What you need to do
Output the whole listing exactly, with no pictures.

+ + +

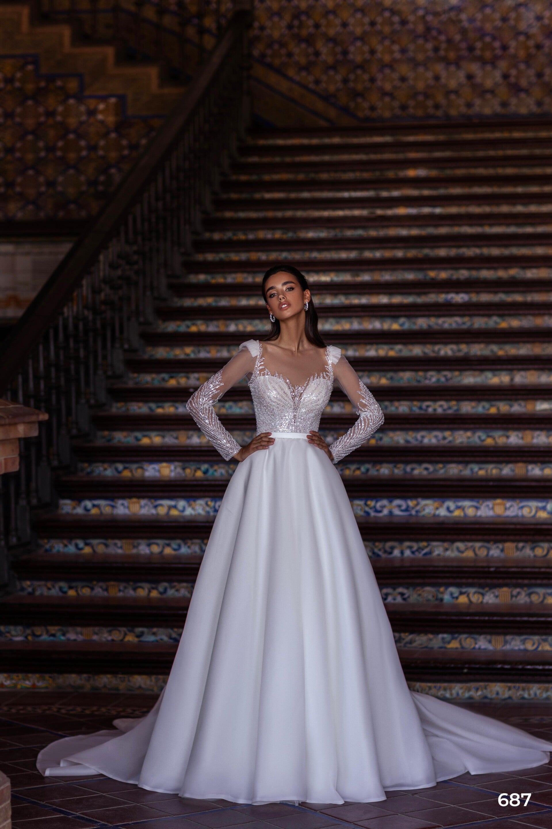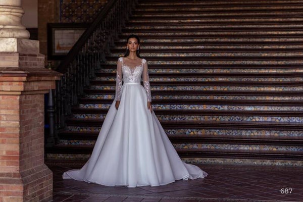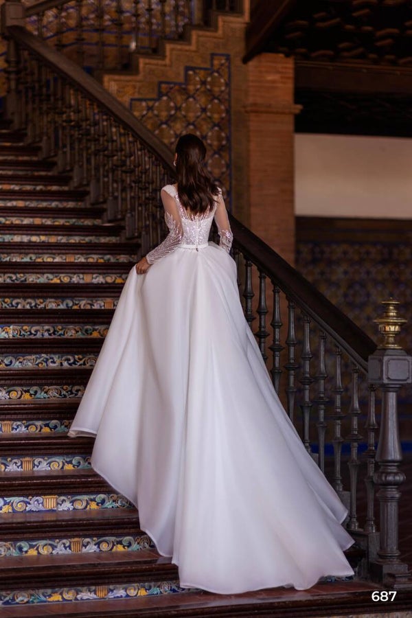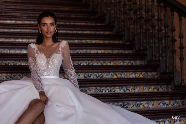 A magnificent princess-style wedding dress with rich guipure, embroidered with various pearls, sequins, and beads. The luxurious matte skirt is made of voile (matte organza). The look is complemented by a detachable voile belt. The train is 50 cm.
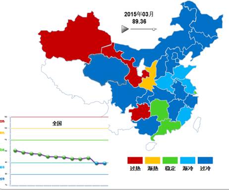 2015年3月,处于“稳定”区间的地区有2个,分别是:广东和湖南,占全国的6.45%。处于“过热”区间的地区有3个:甘肃、贵州和新疆,占全国的9.68%。处于“渐冷”区间的地区有4个,分别是:安徽、河南、福建和山东。其它地区均处于过冷状态(不含西藏、云南、宁夏、海南)(图3)。
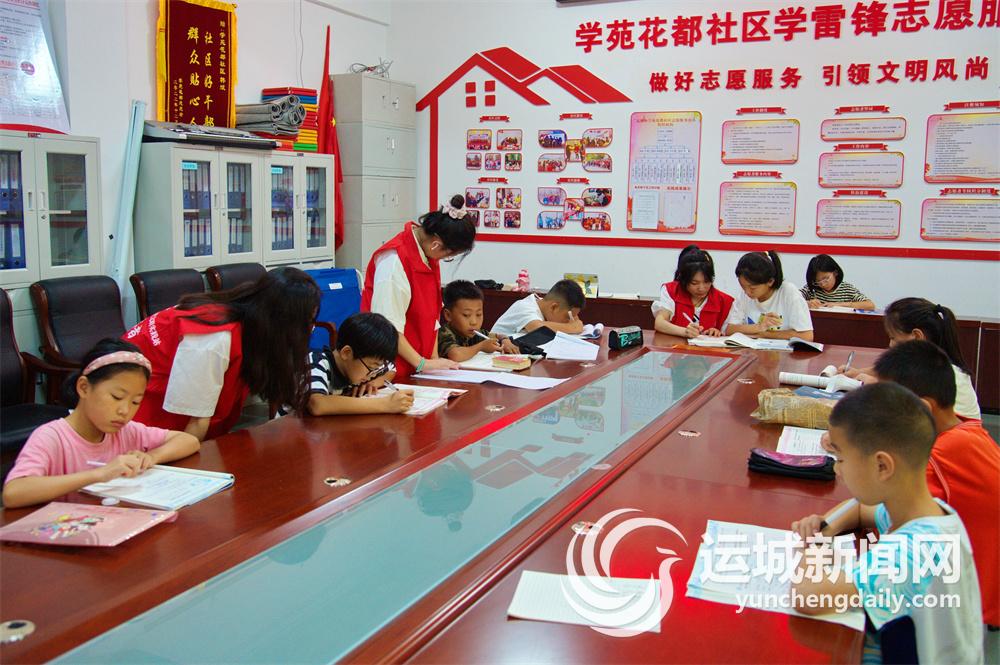 暑假期间,学苑花都社区联合盐湖区青年志愿者协会,组织以大学生为主的志愿者,为辖区内中小学生提供免费暑期作业辅导。
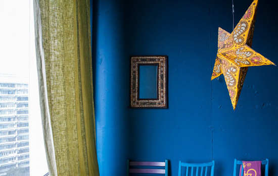 编辑点评:大面积的窗户保证了卧室的采光,蓝色的背景和星星吊饰是否会给你一种在欣赏几米的《星空》一样的美妙感觉呢?在这样浪漫的角落静静地看书或是发呆都是一种惬意的享受呀。
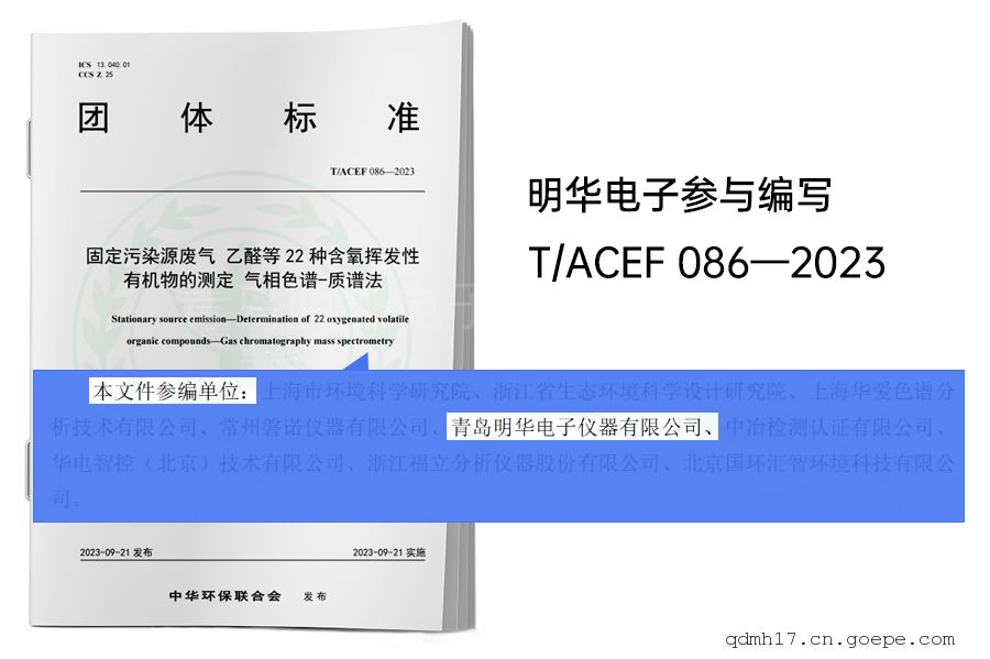 近日,T/ACEF 086—2023《固定污染源废气 乙醛等 22 种含氧挥发性有机物的测定 气相色谱-质谱法》正式实施,明华电子有幸参与此项标准的编写工作。接下来,小编带您详细解读此标准。
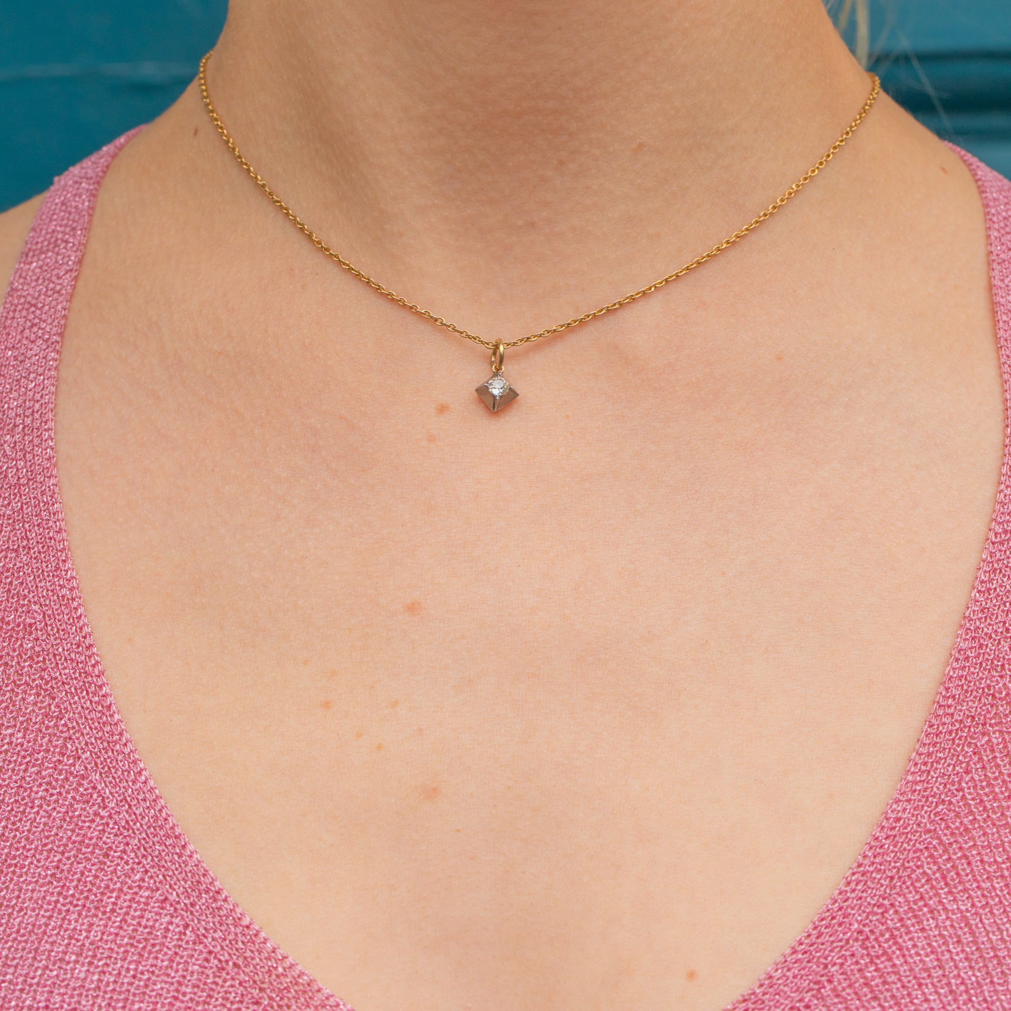 This resplendent antique Old-Mine Cut Diamond square charm will make a timeless addition to your collection! The fiery 0.15ct Diamond will instantly enchant you, with her crisp scintillation creating a bold contrast against the moody Silver setting.
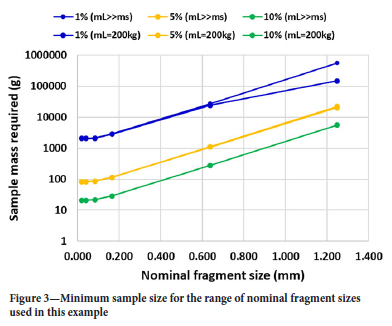 Table 4 shows how the theoretical minimum sample size depends on the required uncertainty of sampling given as the relative standard deviation: 1%, 5%, and 10%. It quantifies the precision-cost trade-off by demonstrating how the minimum sample mass (ms) scales nonlinearly with the desired precision (sr(req)). For instance, reducing sr from 10% to 1% requires a 100-fold increase in ms (Equation 13). This sensitivity is critical for cost-benefit decisions. Sample sizes were calculated for two different lot sizes: 200 kg (sample taken from a pile) and from a lot much larger, about 20 t, than the sample (primary sample taken from a large target). Where high precision is required, as in compliance testing, a 147 kg sample is required for 1% Sr in the coarsest fraction (Table 4). For less demanding precision such as exploration sampling a 10% Sr may suffice, allowing smaller samples (1.47 kg). The exponential relationship (Figure 3) underscores the trade-off between precision and operational feasibility. The changes in sample mass for a change in nominal fragment size are shown in Figure 3.
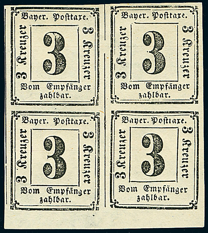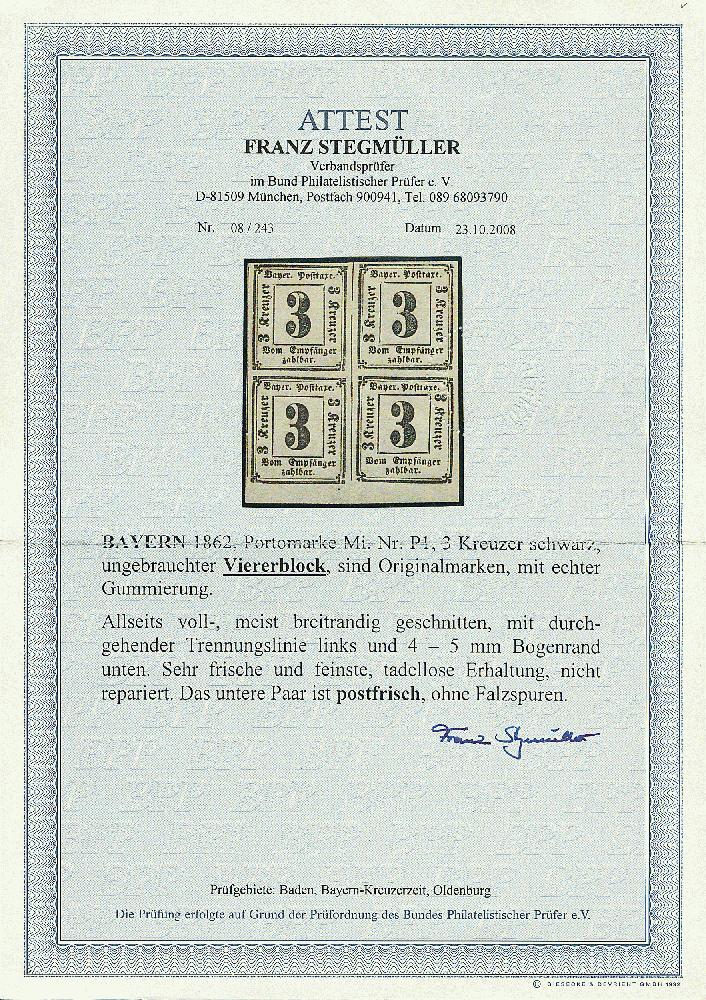 | Zusatzinformationen und Suchstichworte: | Dr. Derichs 173. Auktion 4. November 2023 Los 575 Altdeutschland Bayern Portomarke 3 Kreuzer schwarz, voll- bis breitrandiger Viererblock vom Unterrand (5mm breiter Bogenrand), links mit vollständiger und "freistehender" Zwischenlinie bei beiden Marken, ungebraucht mit vollständiger Originalgummierung, welche für das untere Paar das Prädikat "POSTFRISCH" erfordert. Luxus. Unsigniert, Fotoattest Stegmüller BPP: "Sehr frische und feinste, tadellose Erhaltung, nicht repariert. Das untere Paar ist postfrisch, ohne Falzspuren.". (Michel 950.-+, das ist der Preis für zwei waagerechte Paare ohne Aufschlag für das Blockstück und die Unterrand-Position.). Ausruf 200,00 EUR |
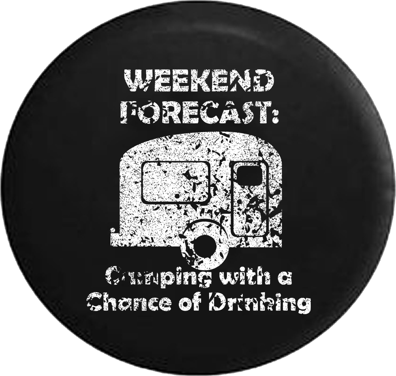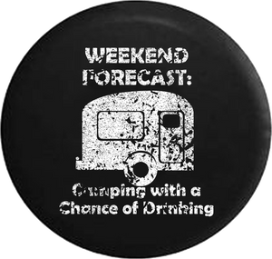 Distressed - Weekend Forecast Camping with a Chance of Drinking Camper Jeep Camper Spare Tire Cover J246 Custom Size
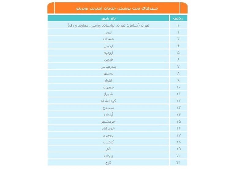 اما نکته جالبی که به چشم میخورد، ظاهرا شهرهای تحت پوشش خدمات نسل سوم این شرکت کمتر از آن چیزی است که در نشست خبری مطرح شد زیرا لیست شهرهای تحت پوشش این خدمات در سایت همراه اول منتشر شده که به شرح زیر است:

+ + +

Answer below
 A magnificent princess-style wedding dress with rich guipure, embroidered with various pearls, sequins, and beads. The luxurious matte skirt is made of voile (matte organza). The look is complemented by a detachable voile belt. The train is 50 cm.
 2015年3月,处于“稳定”区间的地区有2个,分别是:广东和湖南,占全国的6.45%。处于“过热”区间的地区有3个:甘肃、贵州和新疆,占全国的9.68%。处于“渐冷”区间的地区有4个,分别是:安徽、河南、福建和山东。其它地区均处于过冷状态(不含西藏、云南、宁夏、海南)(图3)。
 暑假期间,学苑花都社区联合盐湖区青年志愿者协会,组织以大学生为主的志愿者,为辖区内中小学生提供免费暑期作业辅导。
 编辑点评:大面积的窗户保证了卧室的采光,蓝色的背景和星星吊饰是否会给你一种在欣赏几米的《星空》一样的美妙感觉呢?在这样浪漫的角落静静地看书或是发呆都是一种惬意的享受呀。
 近日,T/ACEF 086—2023《固定污染源废气 乙醛等 22 种含氧挥发性有机物的测定 气相色谱-质谱法》正式实施,明华电子有幸参与此项标准的编写工作。接下来,小编带您详细解读此标准。
 This resplendent antique Old-Mine Cut Diamond square charm will make a timeless addition to your collection! The fiery 0.15ct Diamond will instantly enchant you, with her crisp scintillation creating a bold contrast against the moody Silver setting.
 Table 4 shows how the theoretical minimum sample size depends on the required uncertainty of sampling given as the relative standard deviation: 1%, 5%, and 10%. It quantifies the precision-cost trade-off by demonstrating how the minimum sample mass (ms) scales nonlinearly with the desired precision (sr(req)). For instance, reducing sr from 10% to 1% requires a 100-fold increase in ms (Equation 13). This sensitivity is critical for cost-benefit decisions. Sample sizes were calculated for two different lot sizes: 200 kg (sample taken from a pile) and from a lot much larger, about 20 t, than the sample (primary sample taken from a large target). Where high precision is required, as in compliance testing, a 147 kg sample is required for 1% Sr in the coarsest fraction (Table 4). For less demanding precision such as exploration sampling a 10% Sr may suffice, allowing smaller samples (1.47 kg). The exponential relationship (Figure 3) underscores the trade-off between precision and operational feasibility. The changes in sample mass for a change in nominal fragment size are shown in Figure 3.
 | Zusatzinformationen und Suchstichworte: | Dr. Derichs 173. Auktion 4. November 2023 Los 575 Altdeutschland Bayern Portomarke 3 Kreuzer schwarz, voll- bis breitrandiger Viererblock vom Unterrand (5mm breiter Bogenrand), links mit vollständiger und "freistehender" Zwischenlinie bei beiden Marken, ungebraucht mit vollständiger Originalgummierung, welche für das untere Paar das Prädikat "POSTFRISCH" erfordert. Luxus. Unsigniert, Fotoattest Stegmüller BPP: "Sehr frische und feinste, tadellose Erhaltung, nicht repariert. Das untere Paar ist postfrisch, ohne Falzspuren.". (Michel 950.-+, das ist der Preis für zwei waagerechte Paare ohne Aufschlag für das Blockstück und die Unterrand-Position.). Ausruf 200,00 EUR |
 Distressed - Weekend Forecast Camping with a Chance of Drinking Camper Jeep Camper Spare Tire Cover J246 Custom Size
 اما نکته جالبی که به چشم میخورد، ظاهرا شهرهای تحت پوشش خدمات نسل سوم این شرکت کمتر از آن چیزی است که در نشست خبری مطرح شد زیرا لیست شهرهای تحت پوشش این خدمات در سایت همراه اول منتشر شده که به شرح زیر است:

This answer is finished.